THE TASK >>
Pictures in the entries below are excluded; copy only the lines from the one containing "Freidora sin aceitePrecio" to the one containing "2、脱:凉水降温后,可轻柔地", both included.

DATA EXTRACT >>
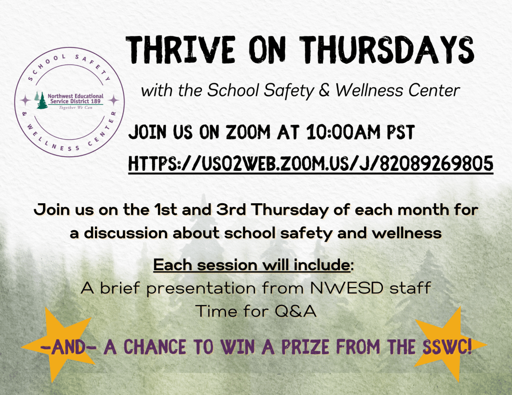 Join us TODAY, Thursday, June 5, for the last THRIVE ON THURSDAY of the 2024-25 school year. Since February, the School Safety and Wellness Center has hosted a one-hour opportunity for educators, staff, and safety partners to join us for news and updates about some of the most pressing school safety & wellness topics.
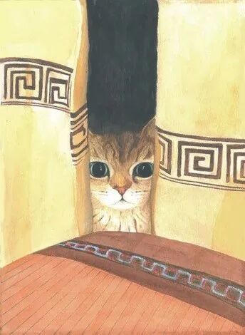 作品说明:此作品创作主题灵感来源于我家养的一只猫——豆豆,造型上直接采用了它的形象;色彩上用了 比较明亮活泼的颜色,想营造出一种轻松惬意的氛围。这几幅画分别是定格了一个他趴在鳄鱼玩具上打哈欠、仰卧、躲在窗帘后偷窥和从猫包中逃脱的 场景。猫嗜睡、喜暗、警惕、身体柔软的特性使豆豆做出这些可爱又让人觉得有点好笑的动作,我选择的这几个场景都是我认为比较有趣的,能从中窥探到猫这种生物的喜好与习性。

==

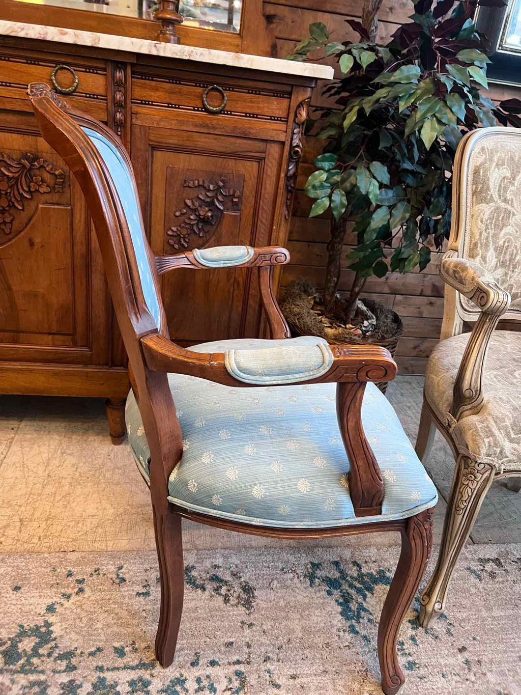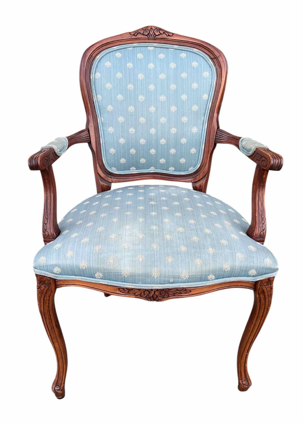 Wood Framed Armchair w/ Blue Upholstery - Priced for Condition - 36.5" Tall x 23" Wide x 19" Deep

---

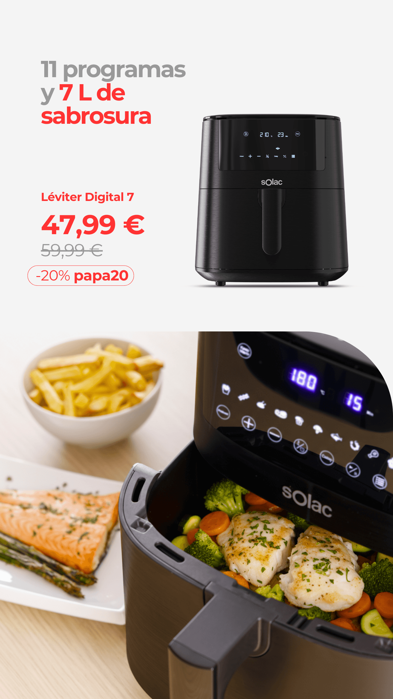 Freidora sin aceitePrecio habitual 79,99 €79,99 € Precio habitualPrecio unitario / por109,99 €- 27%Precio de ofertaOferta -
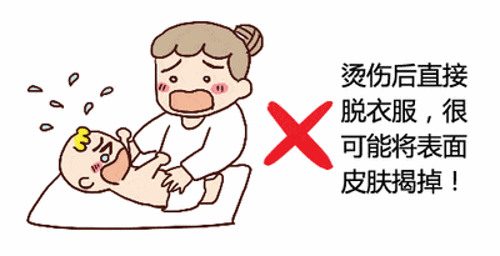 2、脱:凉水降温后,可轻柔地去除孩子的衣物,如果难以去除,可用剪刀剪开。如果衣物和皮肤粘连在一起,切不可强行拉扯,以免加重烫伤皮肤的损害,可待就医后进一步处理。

EXERCISE ANSWER >>
 Freidora sin aceitePrecio habitual 79,99 €79,99 € Precio habitualPrecio unitario / por109,99 €- 27%Precio de ofertaOferta -
 2、脱:凉水降温后,可轻柔地去除孩子的衣物,如果难以去除,可用剪刀剪开。如果衣物和皮肤粘连在一起,切不可强行拉扯,以免加重烫伤皮肤的损害,可待就医后进一步处理。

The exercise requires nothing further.